WHEN IS IT WESTERN?

Mary Strachan Scriver
4 min readNov 4, 2021

“Westerns” go in and out of fashion. That’a a truism. They might go to outer space, or to cynicism, or to feminism, or to horror either in terms of history (where there is plenty of material) or the modern rip-and-thrill methods. Few go to the land itself, which cuts them off from the whole source of the concept.

North America is the strange result of the tearing apart of an earlier continent when the underlying plate tectonics ripped everything apart and then jammed parts back against each other. In addition, the edges were lifted up and then again submerged by changes in sea level due to climate, the top half of North American was raked and scraped by mega-glaciers, and several mountain ranges formed running north to south, the length of the continent. Thus Westerns echo geology.

Properly winnowed from frontier, forest primeval, and Mexican-inflected stories, the “West” comes down to the early years of wresting the prairie from the previous inhabitants by confining, starving, infecting, shooting and invading them. This Western evil matches and is related to the Southern evil of slavery. It is the story of one kind of creature overrunning another, which goes back through species to their development in the first place. Which is not to register approval or even to suggest remedies or compensations. Not even at today’s level of election results.

Somehow we have never been able to develop ideas about how to get along. This exists even in terms of the land. Everything is a resource to be converted to profit, whether cattle, wheat, coal, people, and now water. There is some thought that as the industrial revolution becomes more displaced by technology, our Eisenhower Era webworks of roads and rails are less crucial — wait, are they? The 18-wheeled trucks go plunging through town always.

We rarely want things that are local. Why is that? Some of it is obvious: we eat meat in Montana because that’s what survives here. Greens mean hot houses. Beans mean cans (wet) or sacks(dry). Milk might mean developing a taste for whiskey.

In the Sixties I was part of the development of Western art as a “made” resource. The movement began in the SW, partly coming out of the “oater” movies quickly made in the winters by rodeo hands with skills they used in summer for performance. It was all closely related to people who had enough money to need a place to put it that was socially respectable, like pretty pictures. It was helped on its way by the collapse of the slick magazines who used “American” sentimental art for illustrations. The artists discovered that “Western” easel paintings made money and they had the skills to produce them, if they would invest a bit in history and travel.

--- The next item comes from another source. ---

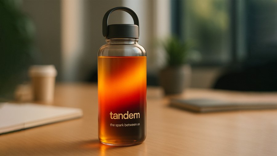 prompt image 2: realistic product photo of a reusable water bottle with a handle, made of transparent glass or high-quality BPA-free material. the bottle features a vivid gradient in warm red, orange, and yellow tones, smoothly diffused across the surface without motion blur. the «tandem» logo is placed clearly in the center, with a tagline below reading «the spark between us.» set on a modern office desk environment — soft natural lighting, warm reflections, blurred background with notebooks, coffee cups, and plants. minimalistic, cinematic. premium realistic render, product photography, high-quality image, aspect ratio 16:9
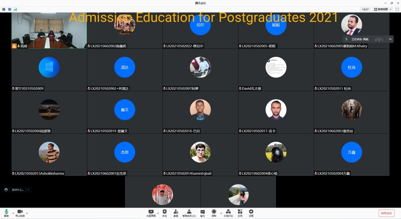 10月28日上午,成人抖音 在线开展2021级留学研究生新生入学教育。学院副院长方国华、国际合作与交流办公室主任周领、研究生教学秘书周昶参加活动。

Two precursor artists who are invisible to most media know-nothings were divided by the Mississippi River. One side was Remington country, that fat sissy who was so fond of handsome cavalry boys (where are the short stories?), and the other side Russell, that easy-going underachiever with “Indians” for cousins and a determined wife intending social success. Ask someone in a bar for the name of the most famous Western artist and you’ll know which side of the Mississippi you’re on. There’s not much use in comparing the actual art. They come from different worlds.

Western art acted like the stock market. Rising prices was success. Content was irrelevant. Then the megamillionaires who profited from exploiting resources in the West discovered that they could launder money by founding respectable and aesthetically grand institutions with their own names on them. Maybe they were thinking of Carnegie libraries.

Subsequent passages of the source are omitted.